55. The leader nucleic acid according to claim 54 wherein the target site is in a region of the PSTOL1 gene having a nucleotide number of reference SEQ ID No. 72 located from about nucleotide 3106 to about nucleotide 3234 or from about nucleotide 3125 to about nucleotide 3214 or a nucleotide number of reference SEQ ID No. 73 located from about nucleotide 935 to about nucleotide 1024, optionally wherein the region has at least 80% sequence identity with at least 20 consecutive nucleotides of the nucleotide sequence of SEQ ID No. 75 or SEQ ID No. 76.

56. The guide nucleic acid of claim 54 or claim 55, wherein the guide nucleic acid comprises a spacer region having the nucleotide sequence of SEQ ID No. 78.

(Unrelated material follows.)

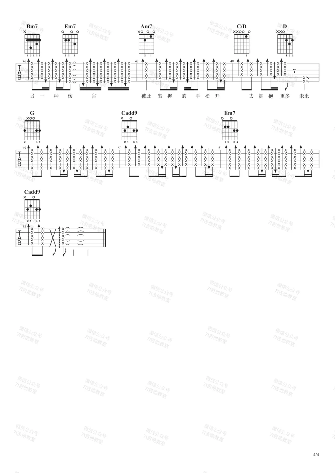 静止吉他谱,取自演唱的歌曲是经典G调指弹编配的曲谱,非常好听的弹唱曲谱,下面4张高清曲谱由吉曲谱网为大家更新分享,有喜欢吉它的朋友欢迎关注!
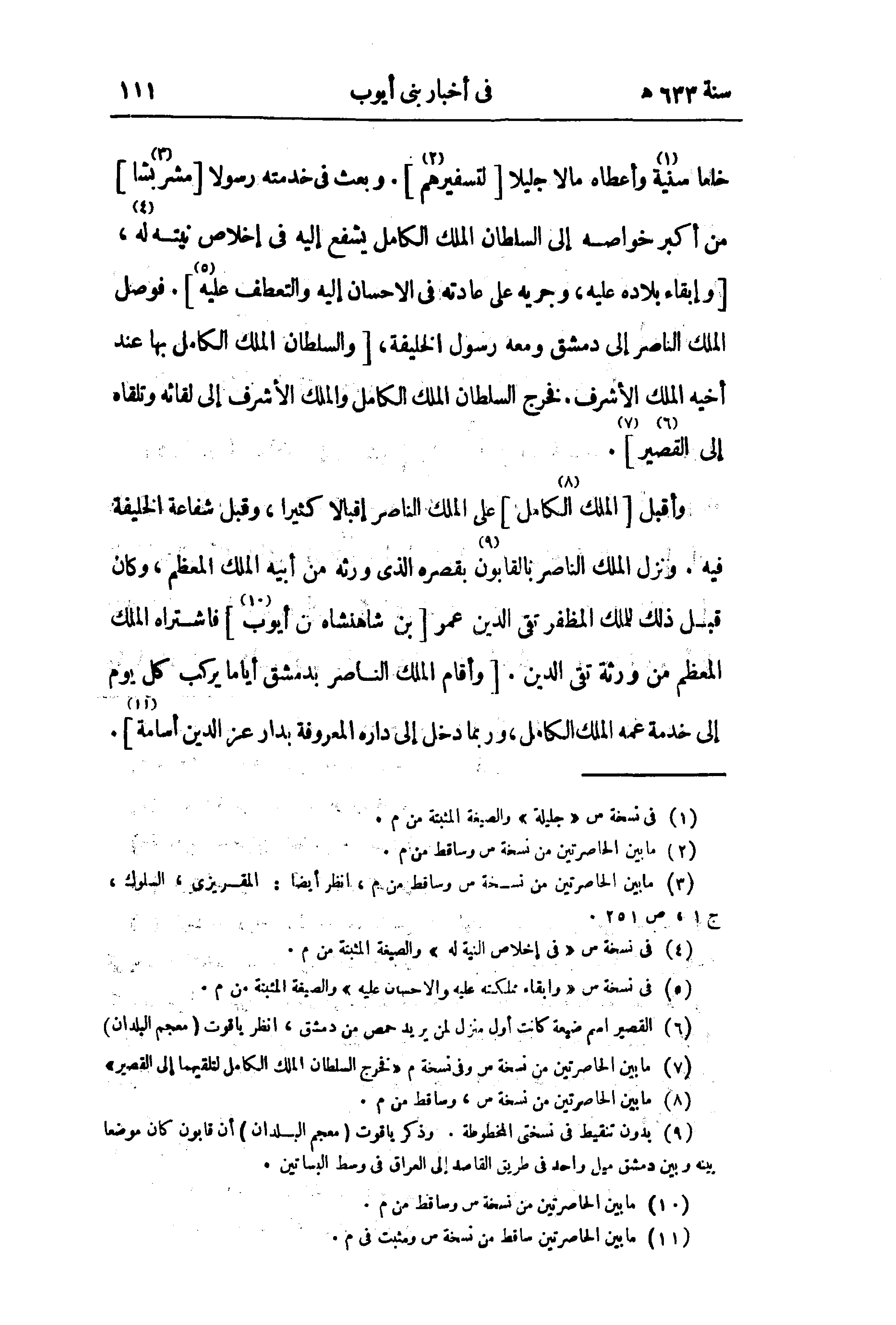 خلعا سنية (¬1) وأعطاه ما لا جليلا [لتسفيرهم (¬2)]. وبعث في خدمته رسولا [مشربشا (¬3)] من أكبر خواصه إلى السلطان الملك الكامل يشفع إليه في إخلاص نيته له (¬4)، [وإبقاء بلاده عليه، وجريه على عادته في الاحسان إليه والتعطف عليه (¬5)]. فوصل الملك الناصر إلى دمشق ومعه رسول الخليفة، [والسلطان الملك الكامل بها عند أخيه الملك الأشرف. فخرج السلطان الملك الكامل والملك الأشرف إلى لقائه وتلقاه إلى القصير (¬6)] (¬7).

57. A system comprising the guide nucleic acid of any one of claims 54-56 and a CRISPR-Cas effect protein associated with the guide nucleic acid.

58. The system of claim 57, further comprising a tracr nucleic acid associated with the guide nucleic acid and a CRISPR-Cas effect protein, optionally wherein the tracr nucleic acid is covalently linked to the guide nucleic acid.

59. A gene editing system comprising a CRISPR-Cas effect protein associated with a guide nucleic acid, wherein the guide nucleic acid comprises a spacer sequence that binds to a phosphorus starvation tolerance 1 (PSTOL 1) gene.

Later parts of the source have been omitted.